The reader is likely unfamiliar with the notation \operatorname{src}; \operatorname{vdec} because to our knowledge, it is non-standard. A more standard way of writing it would be \operatorname{Attr}(\operatorname{src},\operatorname{id}_{X})(\operatorname{vdec}). Namely, it is the action of the morphism \operatorname{src}\in \operatorname{Hom}_{\mathsf{C}} on \operatorname{vdec}\in \operatorname{Attr}(V, X). We write it like \operatorname{src}; \operatorname{vdec} to suggest that we are precomposing \operatorname{src} with \operatorname{vdec}.1
As always, when we are doing computational category theory we must introduce presentations whenever we introduce new mathematical object. In this case, to present a “schema”, we present a category \mathsf{C} and a discrete category \mathsf{Data} in a standard way, but we also must present a profunctor, and we expect that the reader is not so familiar with this.
Fortunately, it is not so difficult; to present a profunctor we simply give generating elements in each of the component sets (i.e., \operatorname{edec}\in \operatorname{Attr}(E,X)), and then we write down some equalities involving precomposition (for instance, if we wanted to say that the decoration on an edge was equal to the decoration on its source, we could write \operatorname{src}; \operatorname{vdec}= \operatorname{edec}).
In Catlab, we would write down the presentation of decorated graphs like so:
@present SchDecGraph(FreeSchema) begin
V::Ob
E::Ob
src::Hom(E,V)
tgt::Hom(E,V)
X::AttrType
edec::Attr(E,X)
vdec::Attr(V,X)
end
Note that this presention has no equations. If we did the category of decorated symmetric graphs, we would end up with
@present SchDecSymmetricGraph <: SchDecGraph begin
inv::Hom(E,E)
compose(inv,inv) == id(E)
compose(inv,src) == tgt
compose(inv,tgt) == src
compose(inv,edec) == edec
end
The last equation says that the decoration on an edge should be the same as the decoration on its inverse.

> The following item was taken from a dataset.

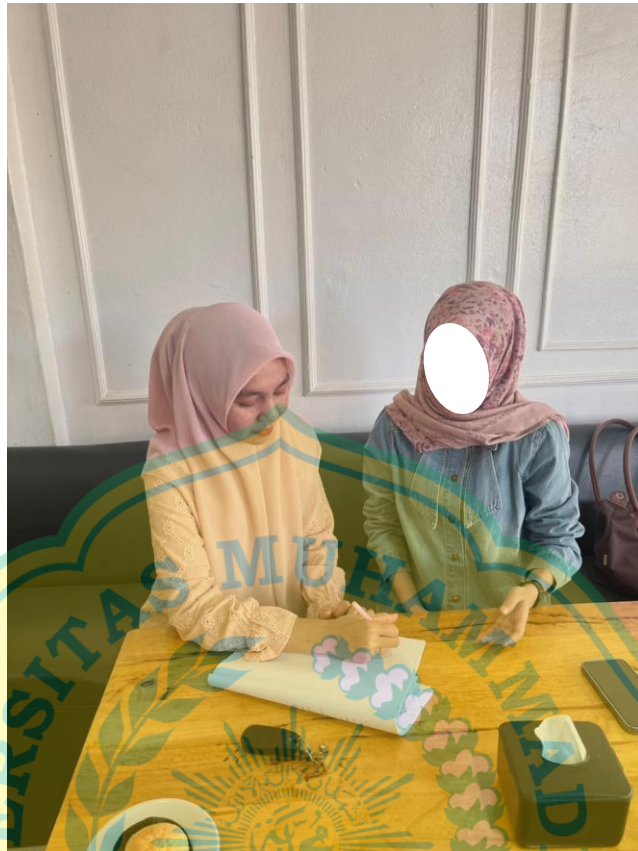
Konsumen (Orang Tua Anak A)

It is perhaps best to understand attributed C-sets by looking at how we implement them in Catlab. Each object in \mathsf{C} becomes a table. The table for c \in \mathsf{C} has a column of type Int
for each generating morphism with domain c, and a column of some other type for each generating attribute with domain c. We will later see exactly how this type is determined.
The columns corresponding to morphisms in \mathsf{C} are similar to FOREIGN KEY
columns in SQL: they point to rows in other tables. The columns corresponding to attributes are just normal columns, but they might have some constraints corresponding to the equations in the presentation.
Formally, we define an attributed C-set on the schema (\mathsf{C},\mathsf{Data},\operatorname{Attr}) to be a 2-cell in \mathbb{P}\mathsf{rof} that looks like this:
Let’s pick apart this definition. First of all, we have an ordinary C-set F. This is the “core” of an attributed C-set, and we should understand this fairly well.
Then we have K, which gives the attributes types. In this presentation, we have chosen to make \mathsf{Set} the codomain of K. However, in Catlab, the codomain of K is really the category of Julia types. This is not so well-behaved, but that’s the difference between math and computing for you. Typically, we actually treat K as part of the schema. This means that we would be working with \mathbb{R}-decorated graphs, or \mathbb{Z}-decorated graphs, instead of just graphs decorated by an unspecified type.
Finally, we have \alpha, which sends an attribute x \in \operatorname{Attr}(c,X) to a column of the data table for c, of type K(X). The profunctor \operatorname{Arr} is defined in exactly such a way to make this work: \operatorname{Arr}([m],K(X)) is the set of length-m arrays with element type K(X), where [m] denotes the set \{1,\ldots,m\}.2
Another way of thinking about this is that we can treat F as a 2-cell from the profunctor \operatorname{Hom}_{\mathsf{C}} to the profunctor \operatorname{Hom}_{\mathsf{FinSet}}. In this guise, F sends f : c \to d to an element F(f) \in \operatorname{Hom}_{\mathsf{FinSet}}(F(c),F(d)) that represents the column in the data table for c. When thought about this way, it becomes more clear how F and \alpha are analogous even though they seem like they are different shapes.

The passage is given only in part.